I don't know if this will solve the other bug, but the segmentation fault occurs in several buildbots:
http://nipy.bic.berkeley.edu/builders/dipy-bdist32-33/builds/138/steps/shell_8/logs/stdio
http://nipy.bic.berkeley.edu/builders/dipy-py2.6-32/builds/557/steps/shell_6/logs/stdio
http://nipy.bic.berkeley.edu/builders/dipy-py2.7-osx-10.7/builds/310/steps/shell_6/logs/stdio
http://nipy.bic.berkeley.edu/builders/dipy-py2.7-osx-10.8/builds/378/steps/shell_6/logs/stdio

The other bug appears in this buildbot:
http://nipy.bic.berkeley.edu/builders/dipy-py3.4/builds/192/steps/shell_6/logs/stdio
@matthew-brett, can I have access to that machine too?
Do you guys think it will be better to add both fixes to this PR?

arokem · 2015-07-29T23:41:33Z

OK - just wanted to make sure that I have the full picture.
On Wed, Jul 29, 2015 at 4:38 PM, Omar Ocegueda notifications@github.com
wrote:

I don't know if this will solve the other bug, but the segmentation fault
occurs in several buildbots:

http://nipy.bic.berkeley.edu/builders/dipy-bdist32-33/builds/138/steps/shell_8/logs/stdio

http://nipy.bic.berkeley.edu/builders/dipy-py2.6-32/builds/557/steps/shell_6/logs/stdio

http://nipy.bic.berkeley.edu/builders/dipy-py2.7-osx-10.7/builds/310/steps/shell_6/logs/stdio

http://nipy.bic.berkeley.edu/builders/dipy-py2.7-osx-10.8/builds/378/steps/shell_6/logs/stdio

Yes - I expect this PR will solve these issues. Have you tried a a
try_branch with any of these?

The other bug appears in this buildbot:

http://nipy.bic.berkeley.edu/builders/dipy-py3.4/builds/192/steps/shell_6/logs/stdio
@matthew-brett https://github.com/matthew-brett, can I have access to
that machine too?
Do you guys think it will be better to add both fixes to this PR?

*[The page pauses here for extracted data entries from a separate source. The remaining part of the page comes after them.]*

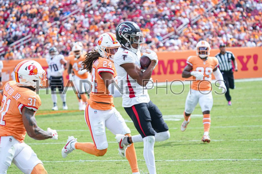 Tampa Bay, Florida, USA, October 27, 2024, Atlanta Falcons wide receiver Ray-Ray McCloud #34 makes a catch at Raymond James Stadium. (Photo Credit: Marty Jean-Louis)
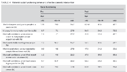 De maneira geral, os resultados demonstram que os pacientes demonstraram benefícios psicológicos e sociais significativos do tratamento, além de melhorias consideráveis na autopercepção de aparência e de idade; experimentaram melhorias sentindo-se mais positivos, confiantes e felizes com sua aparência facial e confortáveis, confiantes e positivos em suas interações sociais. Curiosamente, o fato de que nem todos os pacientes relataram parecer mais jovens após os procedimentos neste estudo pode indicar que eles procuraram parecer melhor, mas não necessariamente mais jovens (5). Fato que deveria ser evidenciado por nós como profissionais, no combate ao etarismo.
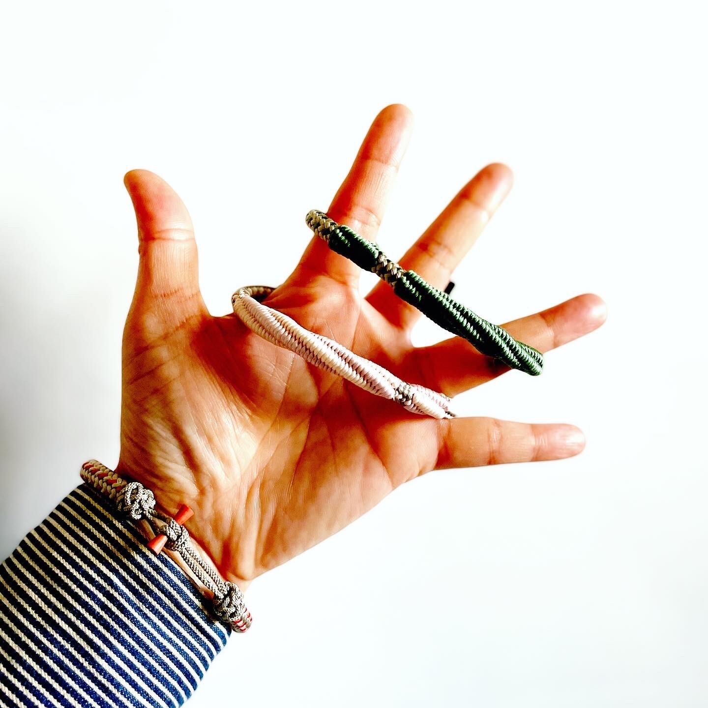 手首サイズについてですが、アジャスターのないスッキリとしたデザインを優先している為、木の留め具の抜け防止として、構造上、留め紐部分に多少のテンションが掛かる必要がございます。その為、手首サイズに【5mm〜8mm】程ゆとりがとれるサイズをお勧めしております。
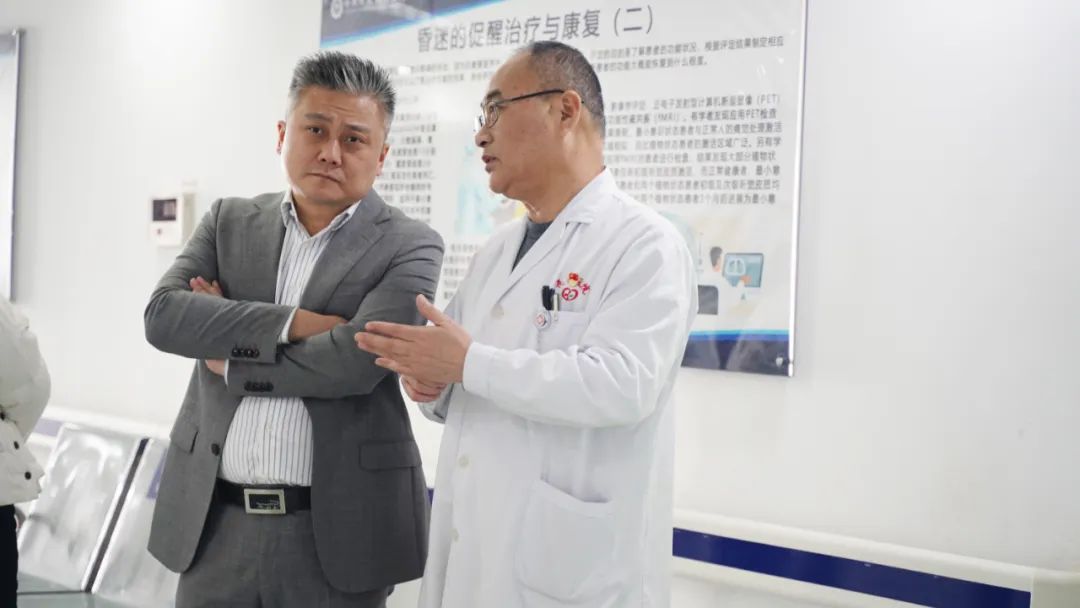 此次交流中,郭廣茂總裁一行首先對我院學(xué)術(shù)報告廳、神經(jīng)康復(fù)病區(qū)、重癥康復(fù)病區(qū)、智能康復(fù)大廳等區(qū)域進(jìn)行了全面參觀,并就醫(yī)院整體運(yùn)營狀況、康復(fù)醫(yī)學(xué)領(lǐng)域建設(shè)以及智慧康復(fù)大廳的布局規(guī)劃等方面進(jìn)行了深入交流。
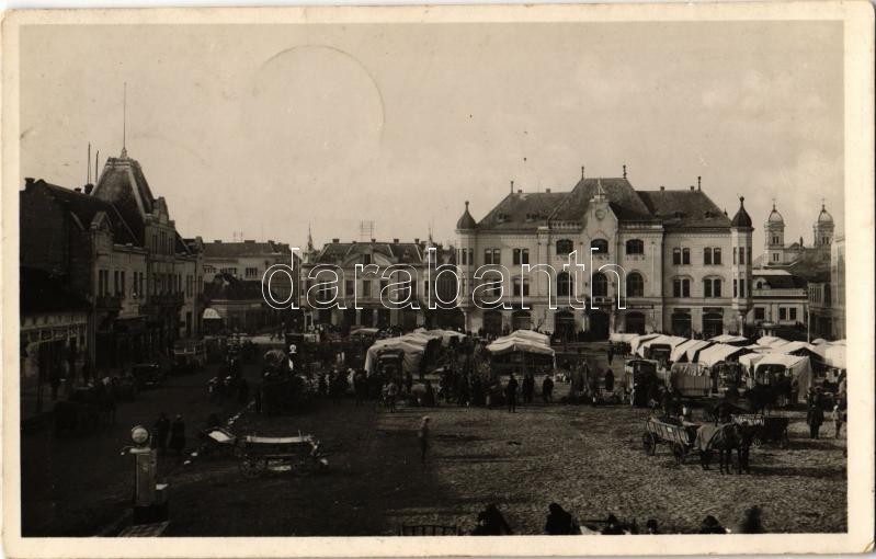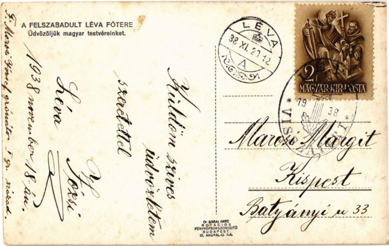 Léva, Levice; Fő tér, Üdvözöljük magyar testvéreinket! bevonulás, piac, Singer, Ignác Trebitsch, Pál L., Vámos, Borcsányi és Csernák és Kürti üzlete, autóbusz / entry of the Hungarian troops, market, shops, autobus + "1938 Léva visszatért" So. Stpl
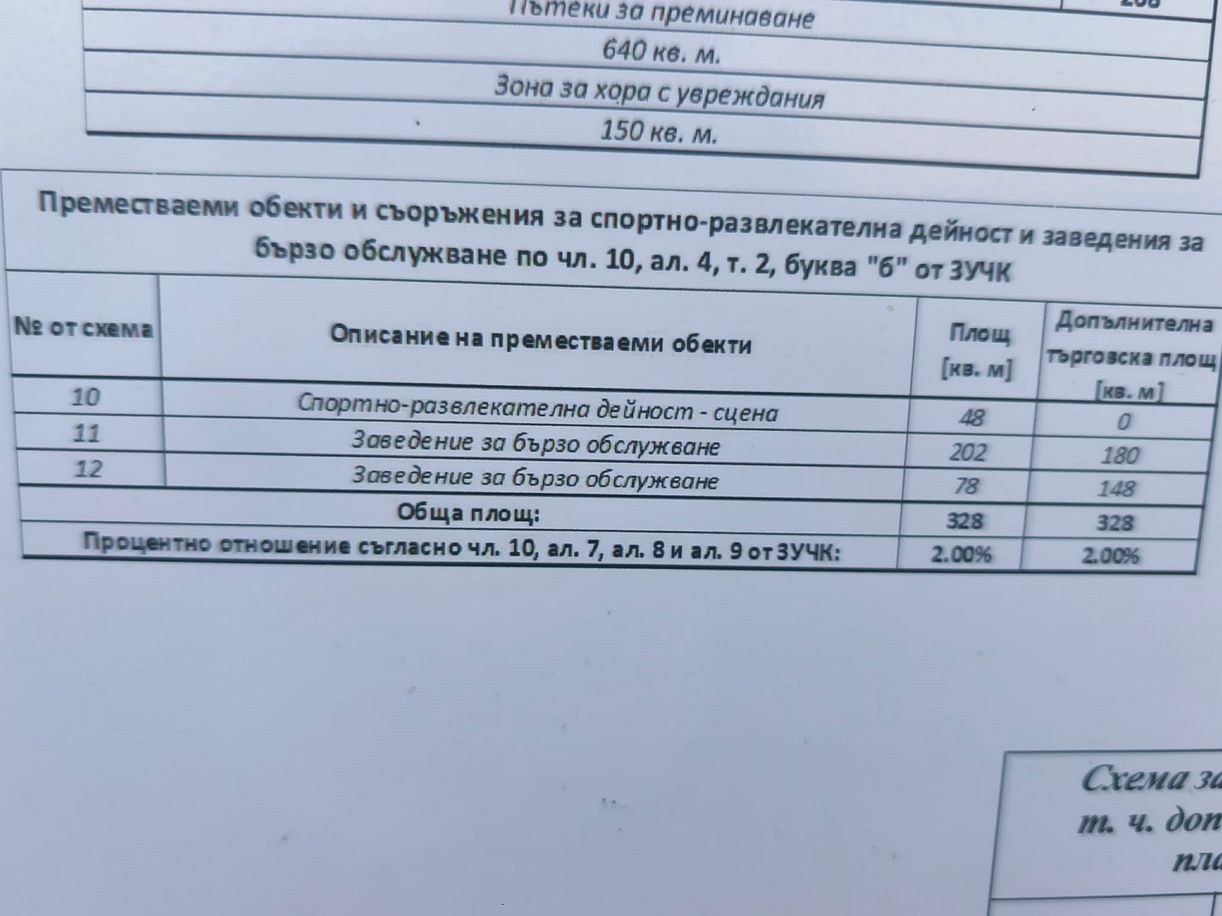 Търговската и развлекателната част от своя страна включва три обекта с обща площ 328 кв. м. Първият е за спортно-развлекателна дейност и сцена с площ 48 кв. м. Другите два са заведения за бързо обслужване. Едното е с площ 202 кв. м и допълнителна търговска площ 180 кв. м. Второто е с площ 78 кв. м и допълнителна търговска площ 148 кв. м. Така общата допълнителна търговска площ също достига 328 кв. м.

Do you have some sense of what is causing it? I don't think it matters much
if this one also gets resolved here: If you think this resolves the
segfaults, I am ready to merge this one, and you can take the other fix on
another PR, but if you prefer to keep going here, that's fine too. Your
call.

—
Reply to this email directly or view it on GitHub
#690 (comment).

omarocegueda · 2015-07-30T00:11:22Z

I didn't run a try_branch but I tested the fix manually on the buildbot Matthew gave access to (It didn't brake after the fix).

I'm not sure about the other bug, it may be as simple as a precission issue (e.g. the result was something like 0.9989, very close to the assertion value but still failing). I need to reproduce the bug and find out why it fails there and not in other platforms.

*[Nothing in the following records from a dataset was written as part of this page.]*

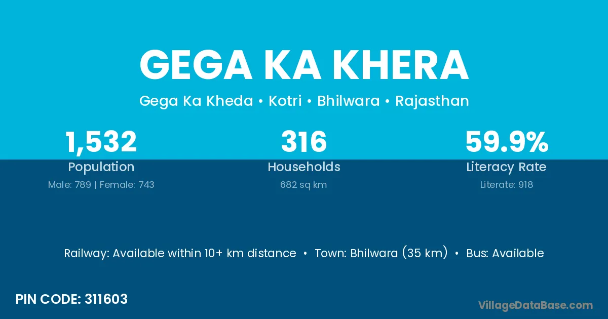 Bhilwara (35 km) is the nearest town to Gega Ka Khera village for major economic activities and is located approximately 35 km away.
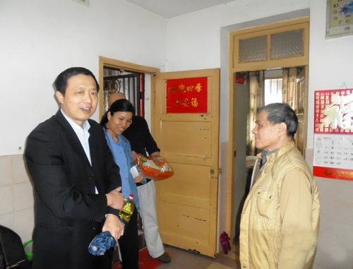 2013年4月28日,五一勞動節(jié)前夕,市國資委開展機關(guān)干部掛鉤幫扶困難群眾活動,陳偉成等6位國資委干部在公司工會領(lǐng)導(dǎo)張?zhí)┥⒑辂惲岬鹊呐阃拢咴L慰問了我司6戶困難職工,了解他們的生活、健康情況,為他們送去米、油等生活用品。
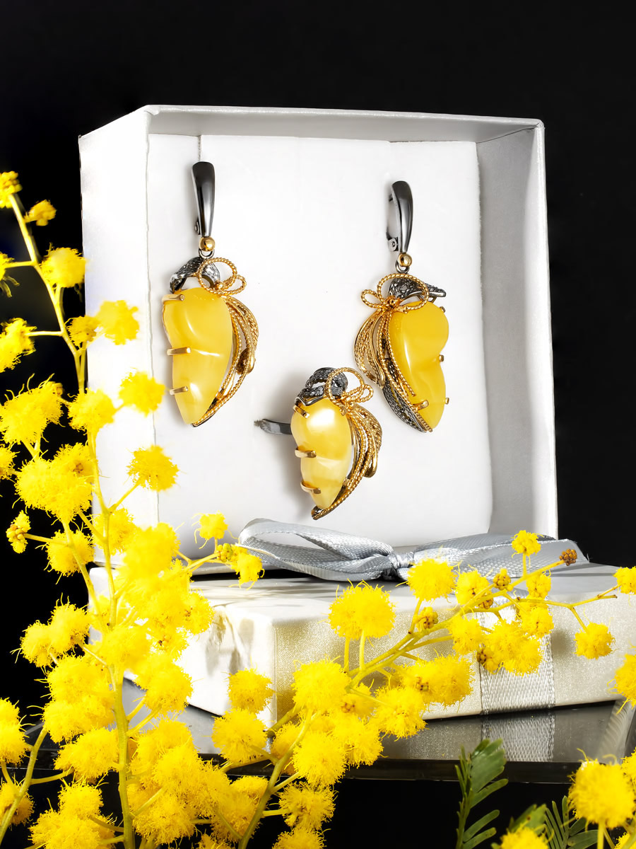 Комплект с медовым янтарём «Филигрань» в красивой подарочной коробочке
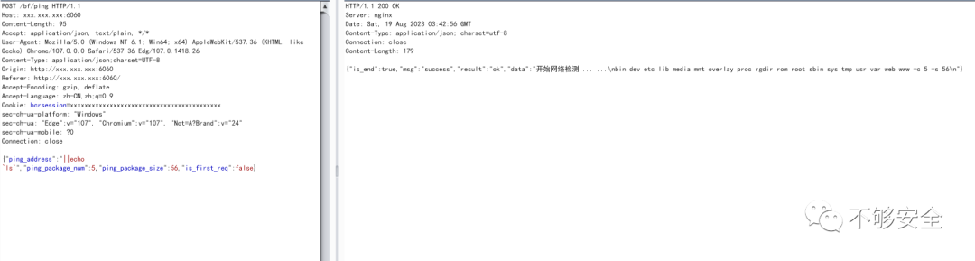 POST /bf/ping HTTP/1.1Host: xxx.xxx.xxx:6060Content-Length: 95Accept: application/json, text/plain, */*User-Agent: Mozilla/5.0 (Windows NT 6.1; Win64; x64) AppleWebKit/537.36 (KHTML, like Gecko) Chrome/107.0.0.0 Safari/537.36 Edg/107.0.1418.26Content-Type: application/json;charset=UTF-8Origin: http://xxx.xxx.xxx:6060Referer: http://xxx.xxx.xxx:6060/Accept-Encoding: gzip, deflateAccept-Language: zh-CN,zh;q=0.9Cookie: bcrsession=xxxxxxxxxxxxxxxxxxxxxxxxxxxxxxxxxxxxxsec-ch-ua-platform: "Windows"sec-ch-ua: "Edge";v="107", "Chromium";v="107", "Not=A?Brand";v="24"sec-ch-ua-mobile: ?0Connection: close{"ping_address":"||echo `ls`","ping_package_num":5,"ping_package_size":56,"is_first_req":false}
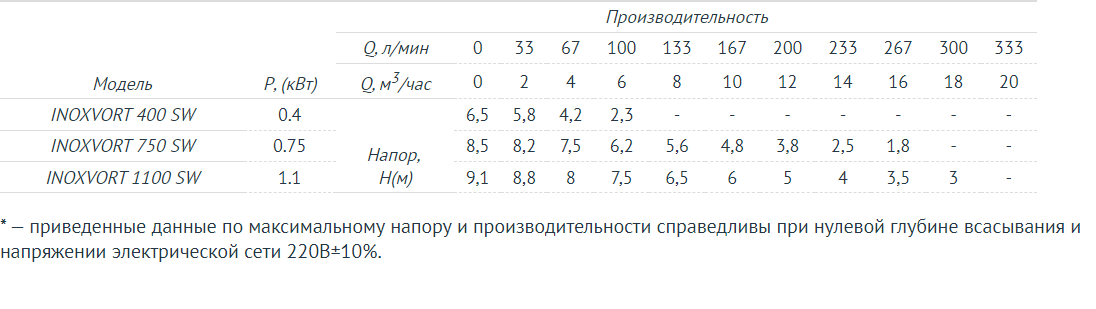 Насосы имеют герметичный корпус из нержавеющей стали, могут работать частично или полностью погруженными в воду (глубина погружения в перекачиваемую жидкость до 5 метров).
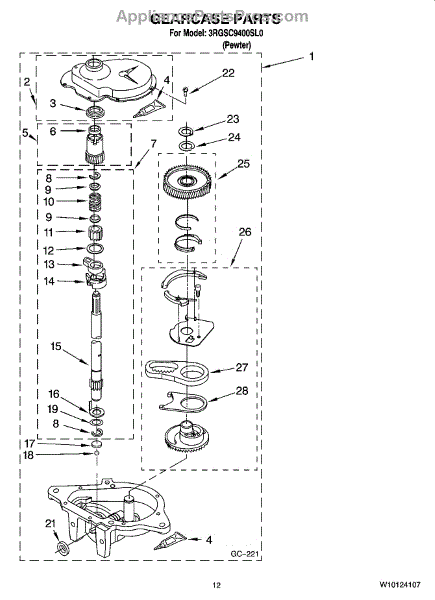 This gearcase is the washer transmission housing that supports the drive gears and enables the agitator/spin functions to transfer motor torque to the wash basket. Replacing a worn gearcase restores reliable mechanical drive and reduces grinding or slipping. What it does:

matthew-brett · 2015-07-30T13:51:54Z

This is just option 3?

matthew-brett · 2015-07-30T13:53:30Z

Omar - I'll check with the owner of that buildbot machine and the OSX machine - will get back to you.

matthew-brett · 2015-07-30T14:53:54Z

Now I think I see that this is option 2 and 3.

omarocegueda · 2015-07-31T18:55:12Z

Thanks @matthew-brett!, yes this is option 2 and 3. I just reproduced the bug on the buildbot. The root cause is that iteration over dictionary keys is no longer deterministic in Python 3:
http://stackoverflow.com/questions/14956313/dictionary-ordering-non-deterministic-in-python3

This explains the "intermitent" behavior. The assertion was failing because the inner product between numeric and analytical gradients was about 0.994. I think it is safe to reduce the threshold to 0.99. For the non-deterministic behavior, I guess the way to go is to replace the dictionary with a list. What do you think?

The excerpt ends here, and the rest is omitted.